If we go back a few years before Tepezza (teprotumumab-trbw, Horizon Therapeutics), patients with mild disease would just be monitored, and we would try to maximize their endocrinology management for underlying thyroid issues. We also knew that smoking cessation was key to reducing periocular inflammation, and even selenium supplementation could help. If patients had more moderate or advanced disease, we would often put them on IV steroids at high doses, but that came with increased morbidity as well as the potential for increased mortality at these doses.

Steroids and other immunologic therapies worked transiently during the dosing, but they did not typically change the endpoint of the disease. If people had prominent eye issues such as proptosis, double vision, significant lid retraction or chronic swelling, the steroids may have made them feel better while they were on the medication, but it did not reverse the disease in most patients. It just calmed things down while on therapy. Then, when you stopped it, the disease still had the potential to smolder and flare before gradually burning out. Patients were left with permanent orbital remodeling, fibrosis, potential diplopia and disfigurement. From a psychological standpoint, patients were very much concerned about their loss of function and change in appearance as things progress.

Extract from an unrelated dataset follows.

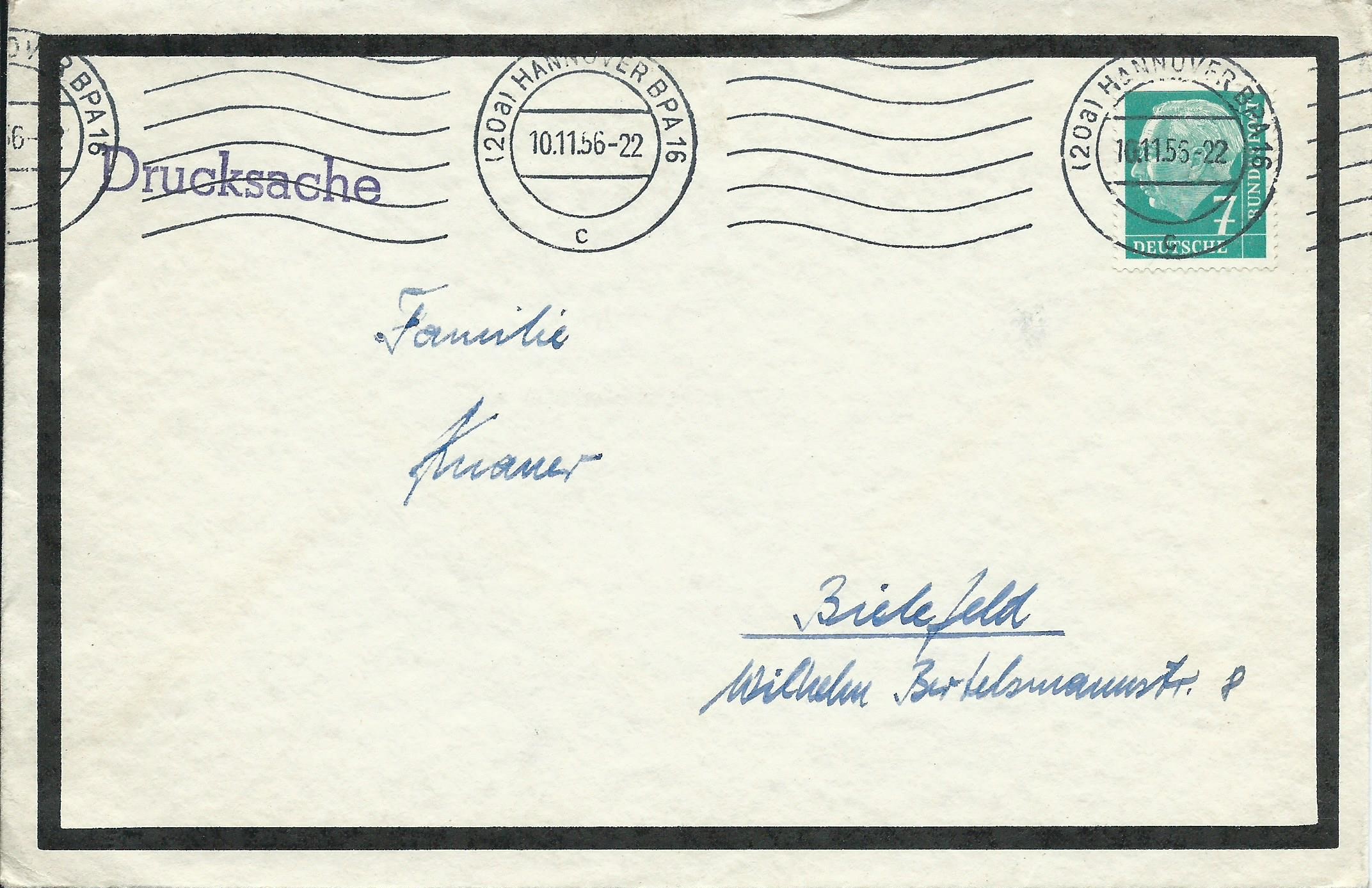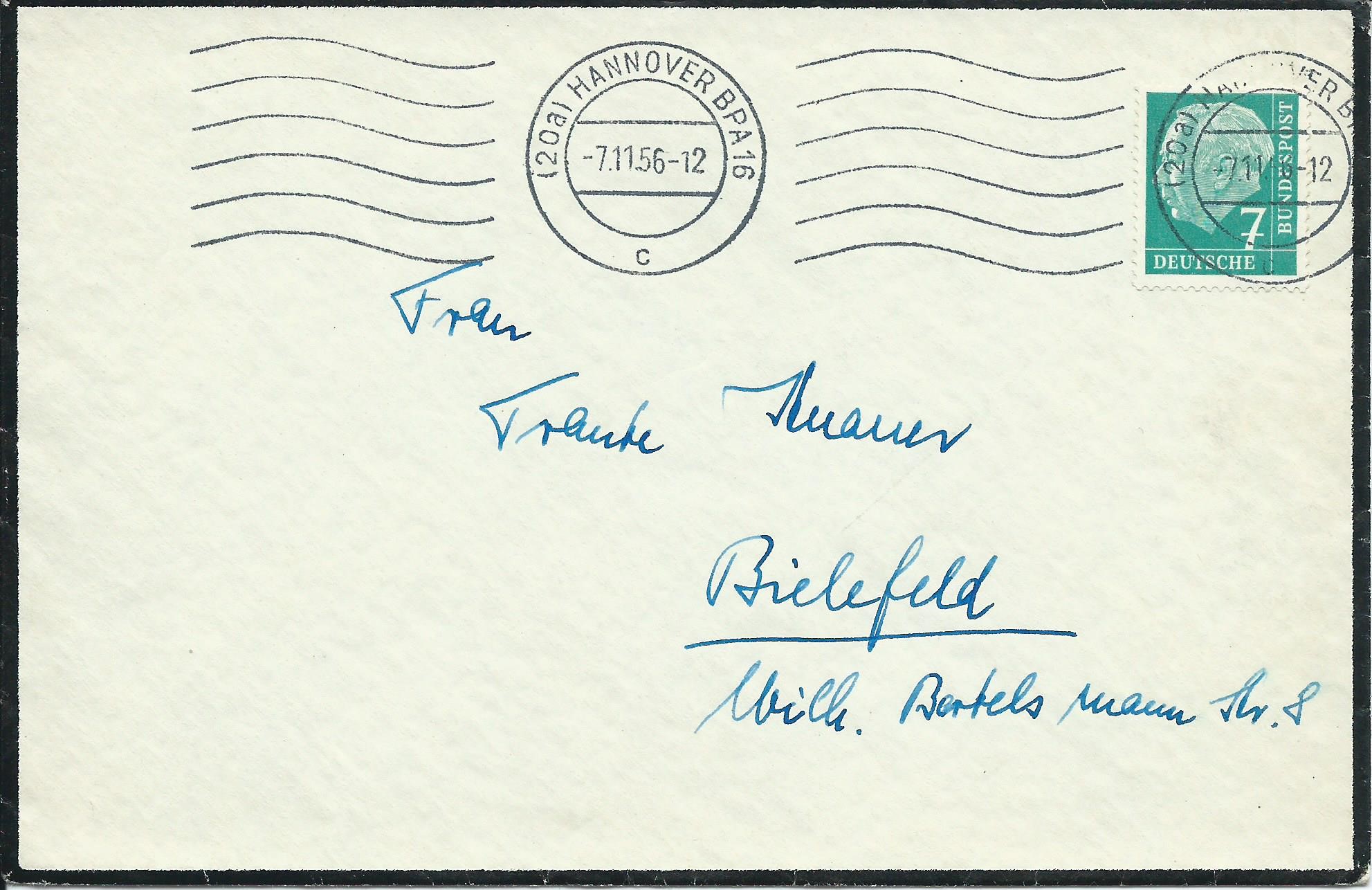 Nun folgen 3 Trauerbriefe aus Hannover BPA 16. Hier ist jeweils nur eine Welle an Stelle der Werbung eingesetzt. Der erste Beleg datiert vom 7.11.56:

It was always frustrating with thyroid eye disease because it seemed like we were just trying to keep it at bay, hoping it did not explode. Then, once the disease burned out and calmed down, we would go back and surgically rehabilitate the area and try to improve the proptosis, strabismus or lid position, often with several surgeries. You could certainly rehabilitate these patients, but it was a long road. You are waiting a year or two for things to calm down before you start doing surgeries unless there is an acute indication, such as compressive optic neuropathy, where you need to jump in and intervene sooner than later.

When teprotumumab came on the market, it was the first new medication in the world of oculoplastics that changed the way we manage a disease in decades. Now, we understand the biology of the inflammatory cascade within the orbit that leads to swelling, chronic inflammation and fibrosis within the orbital fat and extraocular muscles. We are all familiar with the proptosis, strabismus and disfigurement. By exploiting our knowledge of the inflammatory cascade and the receptors within the cells that get activated in this disease, physicians can utilize medications to turn off those processes and stop them cold.

Teprotumumab works as it is an insulin-like growth factor receptor inhibitor, an important part of the disease pathway. Not only does it turn off the inflammatory process, but it also reverses a lot of the findings. It is the one treatment that reverses proptosis and reduces strabismus. It can even relieve compressive optic neuropathy for patients with severe disease.

Of note, when the drug first went through clinical trials, the inclusion criteria were quite tight — new-onset disease within 9 months, thyroid function under control, active inflammation — and that was often used to determine who was eligible for the drug under insurance plans. It became a bit frustrating trying to get patients precertified because a lot of patients do not get their diagnosis until after month 9 or missed some other inclusion criteria as defined by the initial study. Fortunately, more and more data are coming out regularly that continue to prove the efficacy of this medication in multiple stages of the disease. Now that the drug has been out longer, we are starting to see that it has a place in reversing the disease in the acute setting, the chronic setting and even down the road after the disease has seemingly burned out. As with any medication, there is some potential for side effects that require ongoing monitoring. Finally, as the immunology and cellular processes continue to be studied, there are additional medications actively in clinical trials that may be added to the toolbox for this previously challenging problem.